Information given:
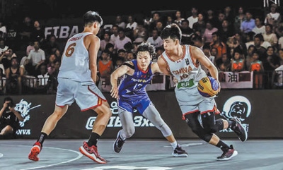 2024國際籃聯(lián)三人籃球國家聯(lián)賽(孝感站),選手在比賽中拼搶。王 亮 袁 鑫攝影報道
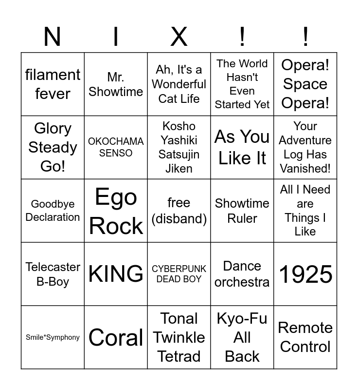 This bingo card has a free space and 24 words: KING, Coral, Kosho Yashiki Satsujin Jiken, Smile*Symphony, Opera! Space Opera!, filament fever, Glory Steady Go!, Mr. Showtime, Showtime Ruler, CYBERPUNK DEAD BOY, As You Like It, Goodbye Declaration, Dance orchestra, 1925, OKOCHAMA SENSO, Kyo-Fu All Back, All I Need are Things I Like, Ah, It's a Wonderful Cat Life, Your Adventure Log Has Vanished!, Ego Rock, Remote Control, Telecaster B-Boy, The World Hasn't Even Started Yet and Tonal Twinkle Tetrad.
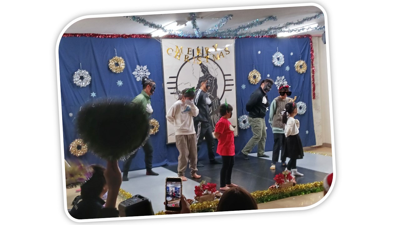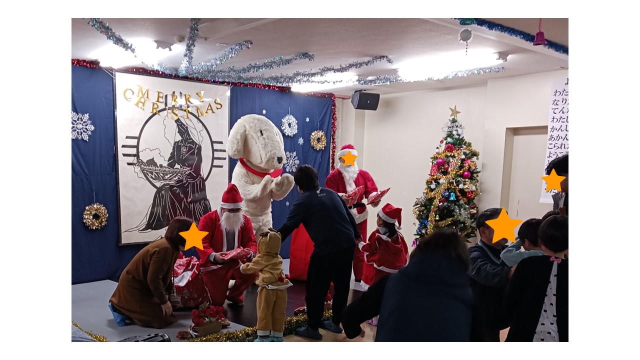 イオンからサンタさんとワオンくんが駆けつけてくれて楽しい時間になりました。サンタさん、ワオンくんありがとうございました。ワオンくんはかわいくて、あたたかかったです。
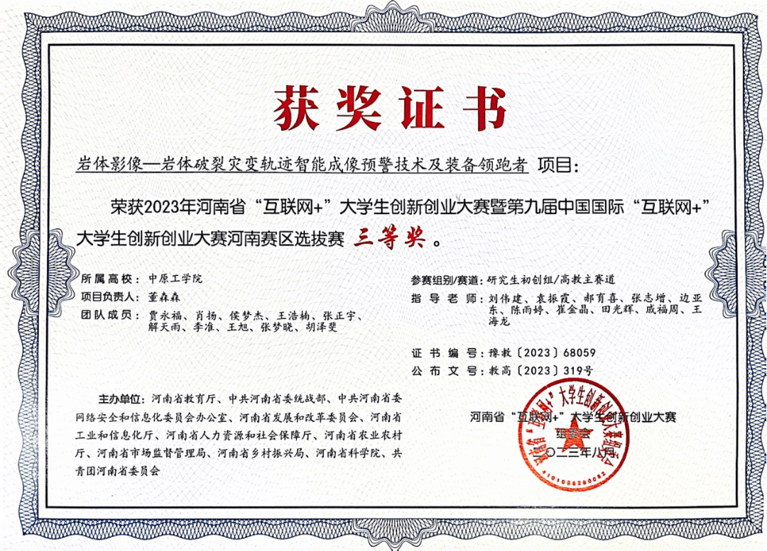 毕业后,董森森对研究的岩体灾害内容念念不忘,心系岩体灾害预警瓶颈难题,他想要在研究的领域做出成绩,但他深知个人的力量是渺小的,一个团结的队伍才能实现伟大梦想,于是他在研究生导师刘伟建的指导下,在学院多位老师的支持下,逐步建立起以研究生为主,同时为本科同学提供学习机会的研发团队,在中原工学院大学科技园创办郑州安岩智能科技有限公司(2023年更名为安岩智能科技(常州)有限公司河南分公司),并且享受到了学校给予的租金优惠政策。
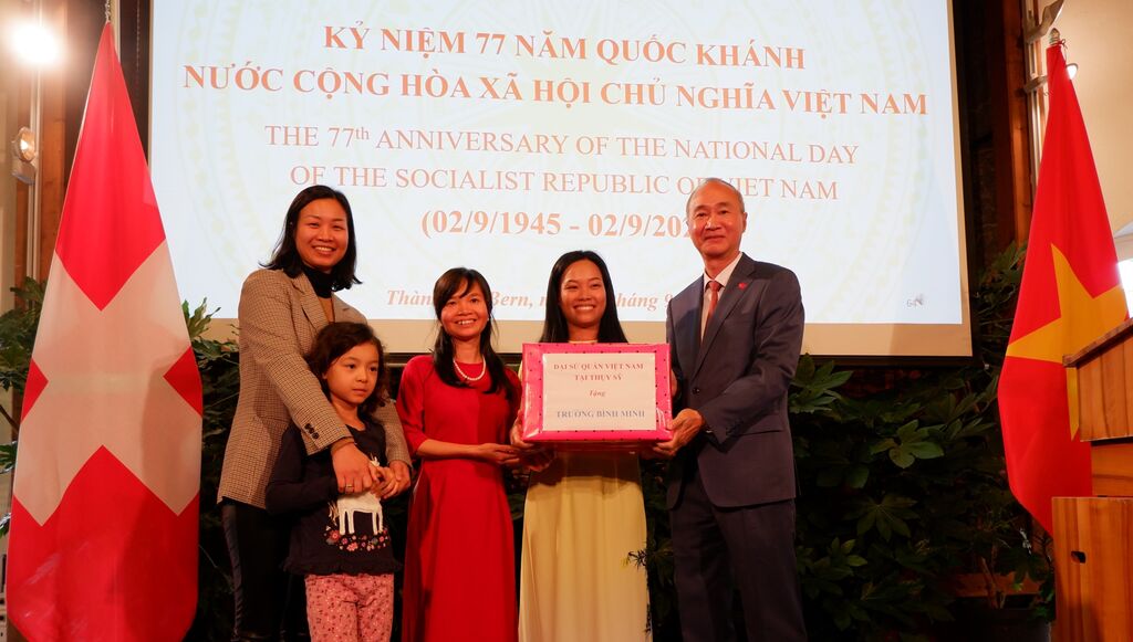 | L’ambassadeur du Vietnam en Suisse, Phùng Thê Long (droite) remet des cadeaux à l’école Binh Minh qui est construite pour préserver la culture et la langue vietnamiennes au sein de la communauté vietnamienne en Suisse. |
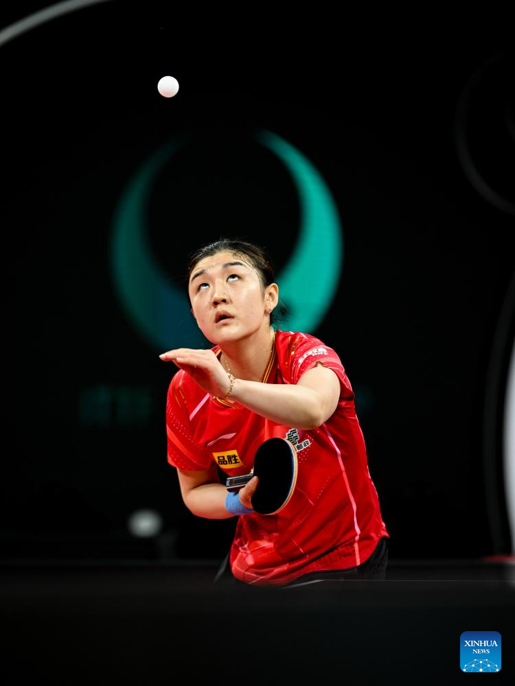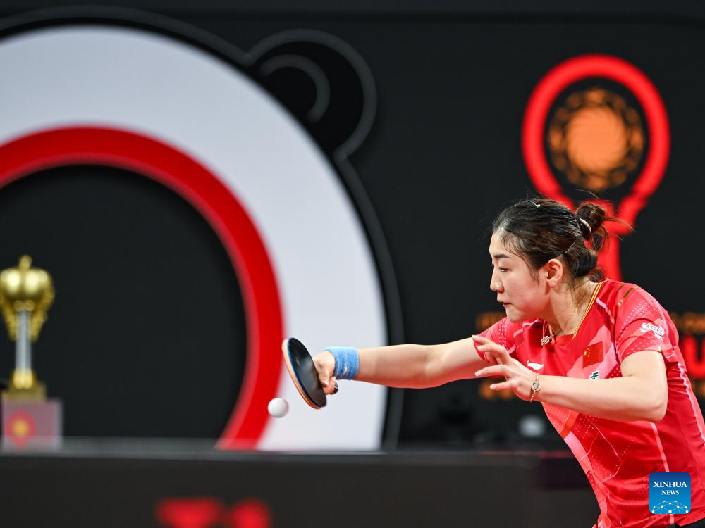 Chen Meng of China hits a return during the stage 2 women's singles match against Chen Ying-Chen of Chinese Taipei at the ITTF Mixed Team World Cup 2023 in Chengdu, southwest China's Sichuan Province, Dec. 7, 2023. (Xinhua/Wang Xi)
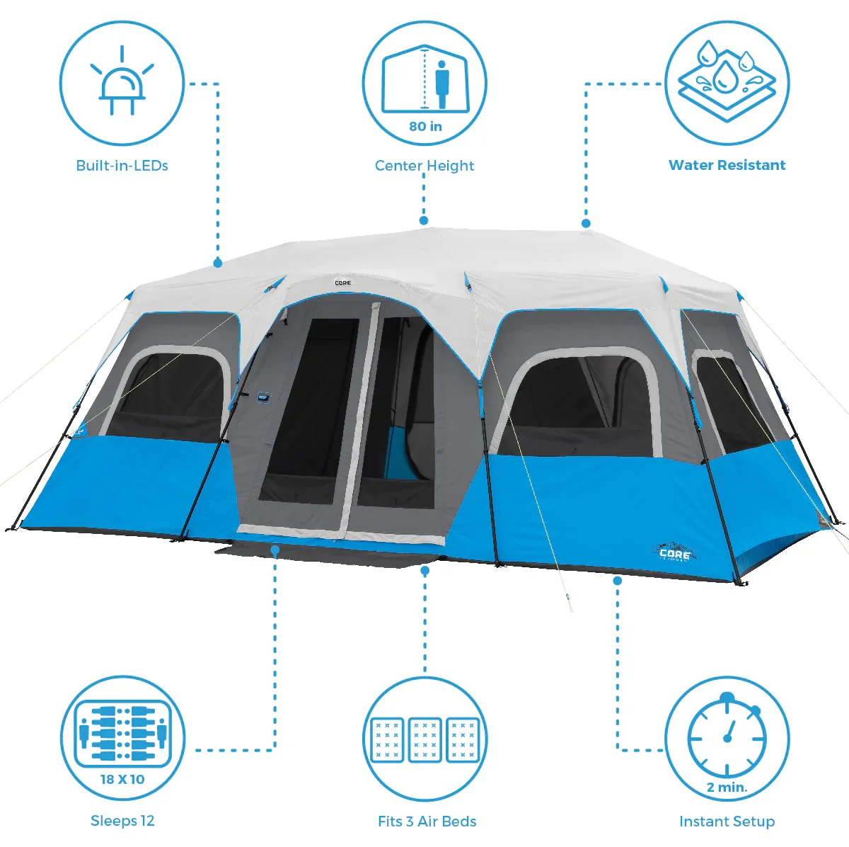 Core Equipment 12 Persons 18 x 10 Feet Lighted Instant Cabin Camping Tent
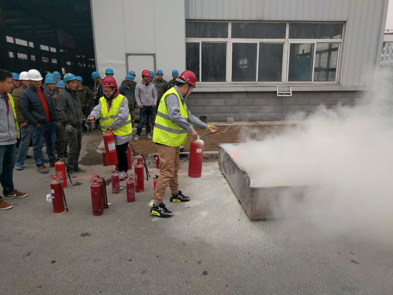 在认真听讲及观摩后,各位职员亲自体验了现场灭火的过程,面对熊熊燃烧的火堆,各位同事表现的十分沉着,熟练地按照灭火的步骤和方法,将燃起的浓烟大火成功的迅速扑灭,做到了冷静沉着的面对突发现象,成功快速的扑灭大火的消防标准。
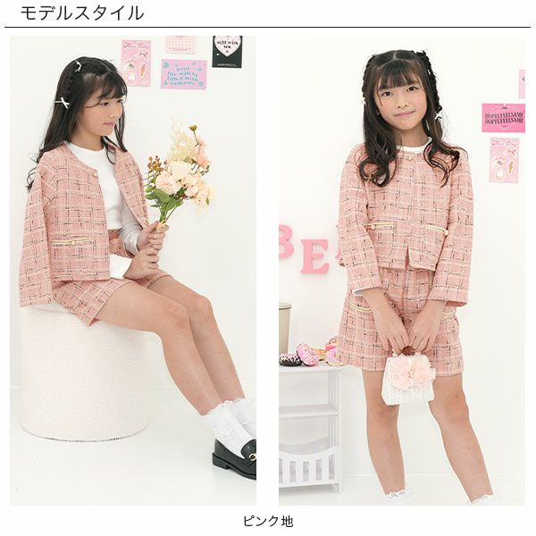 大人顔負けデザインのジャケット登場。ラメ入りのツイードがコーデの格を上げてくれる。別売りのスカートやショートパンツとセットアップでの着用可能。フォーマル、お出かけなど様々なシーンで着られる1枚です。 ツイードジャケット
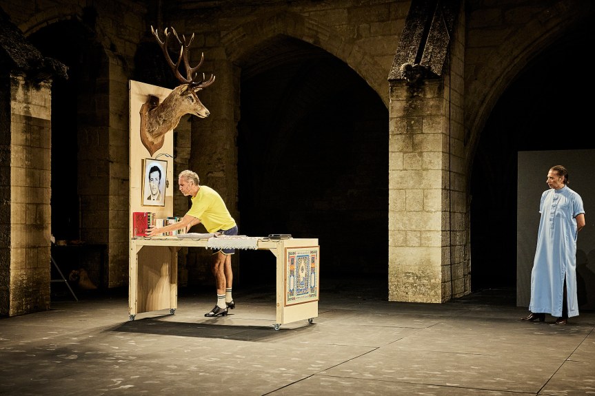 « Tribute » aux pères, donc, cette pièce commence sur un plateau presque nu, dans l’impressionnant Cloître des Carmes. Quatre écrans, deux supports en bois en forme L renversés sur roulettes de chaque côté de la scène, deux chaises oranges, avec les prénoms des deux artistes écrits en jaune, façon plateau de tournage de films, mais vraiment à petit budget tant ces sièges semblent avoir vécu…
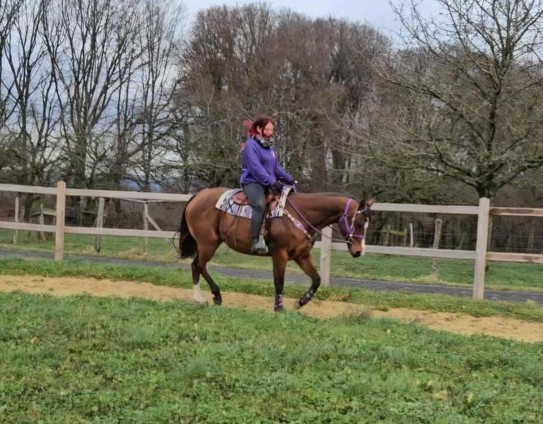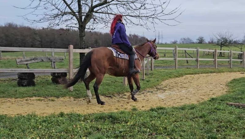 Jument Quarter « Simply Revolution » – Partenaire de loisirs avec cœur Âge : 6,5 ans Taille : environ 1,52 m Catégorie de prix : 6 500 € AKU : disponible ✨ Description : Cette jument Quarter de 6 ans séduit par son tempérament amical et sa nature détendue. « Simply Revolution » est parfaitement docile en main, très proche de l’homme et se montre fiable et volontaire sous la selle. Elle connaît aussi bien le travail en manège que les sorties tranquilles – en solo ou en groupe. 🐎 Idéal pour les cavaliers qui : recherchent une jument simple, jeune, fiable en tant que partenaire de loisirs et prête à progresser. Un joli cheval western de loisir, qui procure du plaisir ! 🩺 Nos chevaux sont régulièrement : – vermifugés – soignés par le maréchal-ferrant – contrôlés osteopathiquement 🛍 Boutique : Selle western, briderie & accessoires 🚛 Transport et équipement organisés à prix avantageux selon vos souhaits Notre service : ✅ 3 mois de droit d’échange ✅ Essai : 35 €, chaque cheval supplémentaire 25 € (facturés le jour même en cas d’achat) ✅ 100 € de remise immédiate pour retrait ou transport le jour même ✅ Conseils honnêtes et personnalisés 📞 Pour toute demande, merci de privilégier le téléphone : 0171 – 4001968 🕗 Disponible tous les jours de 8h à 20h ⚠️ Pas de mails ni WhatsApp ⚠️ Toutes les informations sont données à titre indicatif, sans garantie

Exercise instructions:
Make an exact copy of the records above. Keep out every picture.

Solution for this exercise:
 2024國際籃聯(lián)三人籃球國家聯(lián)賽(孝感站),選手在比賽中拼搶。王 亮 袁 鑫攝影報道
 This bingo card has a free space and 24 words: KING, Coral, Kosho Yashiki Satsujin Jiken, Smile*Symphony, Opera! Space Opera!, filament fever, Glory Steady Go!, Mr. Showtime, Showtime Ruler, CYBERPUNK DEAD BOY, As You Like It, Goodbye Declaration, Dance orchestra, 1925, OKOCHAMA SENSO, Kyo-Fu All Back, All I Need are Things I Like, Ah, It's a Wonderful Cat Life, Your Adventure Log Has Vanished!, Ego Rock, Remote Control, Telecaster B-Boy, The World Hasn't Even Started Yet and Tonal Twinkle Tetrad.
 イオンからサンタさんとワオンくんが駆けつけてくれて楽しい時間になりました。サンタさん、ワオンくんありがとうございました。ワオンくんはかわいくて、あたたかかったです。
 毕业后,董森森对研究的岩体灾害内容念念不忘,心系岩体灾害预警瓶颈难题,他想要在研究的领域做出成绩,但他深知个人的力量是渺小的,一个团结的队伍才能实现伟大梦想,于是他在研究生导师刘伟建的指导下,在学院多位老师的支持下,逐步建立起以研究生为主,同时为本科同学提供学习机会的研发团队,在中原工学院大学科技园创办郑州安岩智能科技有限公司(2023年更名为安岩智能科技(常州)有限公司河南分公司),并且享受到了学校给予的租金优惠政策。
 | L’ambassadeur du Vietnam en Suisse, Phùng Thê Long (droite) remet des cadeaux à l’école Binh Minh qui est construite pour préserver la culture et la langue vietnamiennes au sein de la communauté vietnamienne en Suisse. |
 Chen Meng of China hits a return during the stage 2 women's singles match against Chen Ying-Chen of Chinese Taipei at the ITTF Mixed Team World Cup 2023 in Chengdu, southwest China's Sichuan Province, Dec. 7, 2023. (Xinhua/Wang Xi)
 Core Equipment 12 Persons 18 x 10 Feet Lighted Instant Cabin Camping Tent
 在认真听讲及观摩后,各位职员亲自体验了现场灭火的过程,面对熊熊燃烧的火堆,各位同事表现的十分沉着,熟练地按照灭火的步骤和方法,将燃起的浓烟大火成功的迅速扑灭,做到了冷静沉着的面对突发现象,成功快速的扑灭大火的消防标准。
 大人顔負けデザインのジャケット登場。ラメ入りのツイードがコーデの格を上げてくれる。別売りのスカートやショートパンツとセットアップでの着用可能。フォーマル、お出かけなど様々なシーンで着られる1枚です。 ツイードジャケット
 « Tribute » aux pères, donc, cette pièce commence sur un plateau presque nu, dans l’impressionnant Cloître des Carmes. Quatre écrans, deux supports en bois en forme L renversés sur roulettes de chaque côté de la scène, deux chaises oranges, avec les prénoms des deux artistes écrits en jaune, façon plateau de tournage de films, mais vraiment à petit budget tant ces sièges semblent avoir vécu…
 Jument Quarter « Simply Revolution » – Partenaire de loisirs avec cœur Âge : 6,5 ans Taille : environ 1,52 m Catégorie de prix : 6 500 € AKU : disponible ✨ Description : Cette jument Quarter de 6 ans séduit par son tempérament amical et sa nature détendue. « Simply Revolution » est parfaitement docile en main, très proche de l’homme et se montre fiable et volontaire sous la selle. Elle connaît aussi bien le travail en manège que les sorties tranquilles – en solo ou en groupe. 🐎 Idéal pour les cavaliers qui : recherchent une jument simple, jeune, fiable en tant que partenaire de loisirs et prête à progresser. Un joli cheval western de loisir, qui procure du plaisir ! 🩺 Nos chevaux sont régulièrement : – vermifugés – soignés par le maréchal-ferrant – contrôlés osteopathiquement 🛍 Boutique : Selle western, briderie & accessoires 🚛 Transport et équipement organisés à prix avantageux selon vos souhaits Notre service : ✅ 3 mois de droit d’échange ✅ Essai : 35 €, chaque cheval supplémentaire 25 € (facturés le jour même en cas d’achat) ✅ 100 € de remise immédiate pour retrait ou transport le jour même ✅ Conseils honnêtes et personnalisés 📞 Pour toute demande, merci de privilégier le téléphone : 0171 – 4001968 🕗 Disponible tous les jours de 8h à 20h ⚠️ Pas de mails ni WhatsApp ⚠️ Toutes les informations sont données à titre indicatif, sans garantie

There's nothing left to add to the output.